When asked whether Gaming and Leisure would invest outside the casino industry, Carlino and Chief Investment Officer Matt Demchyk said the REIT always considers options, but will be cautious.

“We don’t want to put our money into much more volatile income streams that cost a lot more than the gaming assets,” Demchyk said, “I’ll also point out, we don’t feel that we need to do something outside of gaming to prove that we can do something outside of gaming. … The first deal we do is going to be because it crosses the threshold of making sense on a risk-adjusted basis.”
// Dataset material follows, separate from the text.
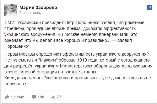 На своей странице в Facebook, дипломат привела цитату из СМИ: "Украинский президент Петр Порошенко заявил, что ракетные стрельбы, прошедшие вблизи Крыма, доказали эффективность украинского вооружения. "В Москве немного понервничали, это означает, что мы делали все хорошо и правильно", - заявил Порошенко".

Bank of America on Jan. 10 downgraded Gaming and Leisure to “underperform” from “buy,” wary of how higher interest rates may affect 10-year-or-longer rental contracts. Bank of America analyst Shaun Kelley told Seeking Alpha that Gaming and Leisure also has fewer guaranteed rent escalators and less contractual consumer-price-index protection than VICI Properties.

For the 12 months ended Dec. 31, Gaming and Leisure had $756.7 million, or $3.24 per share in funds from operation, up from $684.4 million, or $3.11 per share, a year earlier.

Twelve-month revenue rose 6.1% to $1.22 billion from $1.15 billion.